By Mike Conlon | December 7, 2009
Last week I called out a long trade on USD/JPY, saying:
“Earlier this week the yen reached 15-year highs at 84.80 vs. the US dollar due to the Dubai news on that huge doji candle. Combined with a stochastic crossover near the 20 level could mean a possible trend-reversal, at least in the near-term. If this pair can stay below 89, then I expect strength to continue. Should it breach 89, then the next stop could be the 90.75 level.”
Well Friday was that day for the pair. As USD/JPY rocketed through the 89 level, making a high of– 90.763– before retreating a tad to rest for the next move. As you can see, I pegged that one pretty good– within .013 of the high!
How was I able to get such an accurate prediction?
The answer is Fibonacci Retracement! If you are not familiar with this technical tool, you should become familiar ASAP.

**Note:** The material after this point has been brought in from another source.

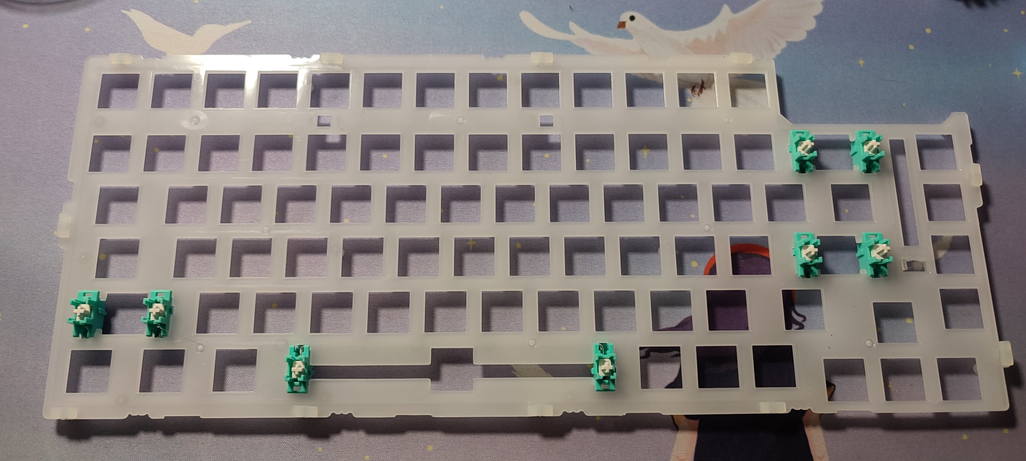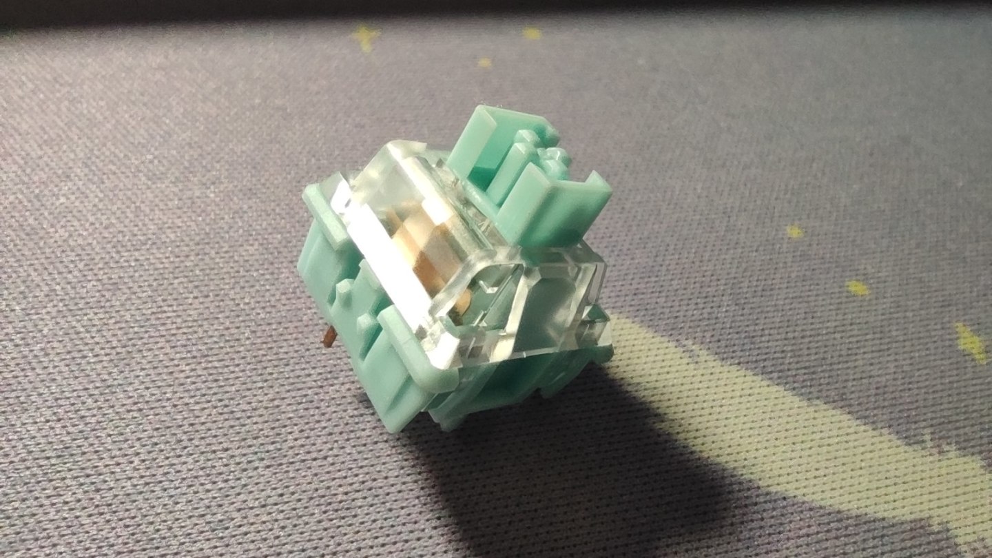 这几天的使用体验来说,这颗轴的手感很棒,每一次敲击都有明显的反馈感觉,不容易误触。轴心稳定性也是相当不错,在原装键帽的情况下,晃动键帽能感觉到的幅度并不是太大。并且相较于线性轴来说,段落轴的大键显得不太重要(卫星轴),不过我尝试换了个线性轴来试了下其大键,竟意想不到的不错,假轴跟定位板之间卡的很死,并且钢丝没有弯曲(没有听到钢丝音)

Let’s look at the chart (click here to enlarge):
From the chart above, you can see all of the Fibonacci retracement levels. These numbers are areas of “natural” resistance or support. So when I am looking at a chart, and I believe there is going to be a pullback or in this case, a reversal, I always want to take a look at the Fib retracement levels.
One of the reasons why technical analysis is so compelling is because that at times it becomes a self-fulfilling proposition, so to speak. If a lot of traders are expecting something to happen at a certain level, then chances are something will happen.
In this case, that 90.5 level stands to serve as the “last layer” of support for those who are still short this pair. I can assure you that if I know this, many far more sophisticated traders and investors know this as well. This is why I typically round up or down anywhere from 10-50 pips depending upon how strong of a move I think might occur.
Around these levels you will typically see “stop running”– trades happening above or below the Fib level as traders know that typically other traders in the opposite position will place their stops just above or below that level. That’s why on this daily chart you can see a “wick” on the candle as the pair trades up through the 61.8% level before closing just below it.
This trade made approximately 350 pips in less than a week!
To learn more about how to spot trades such as this one or how to manage your positions once in a trade, be sure to check out our currency trading courses!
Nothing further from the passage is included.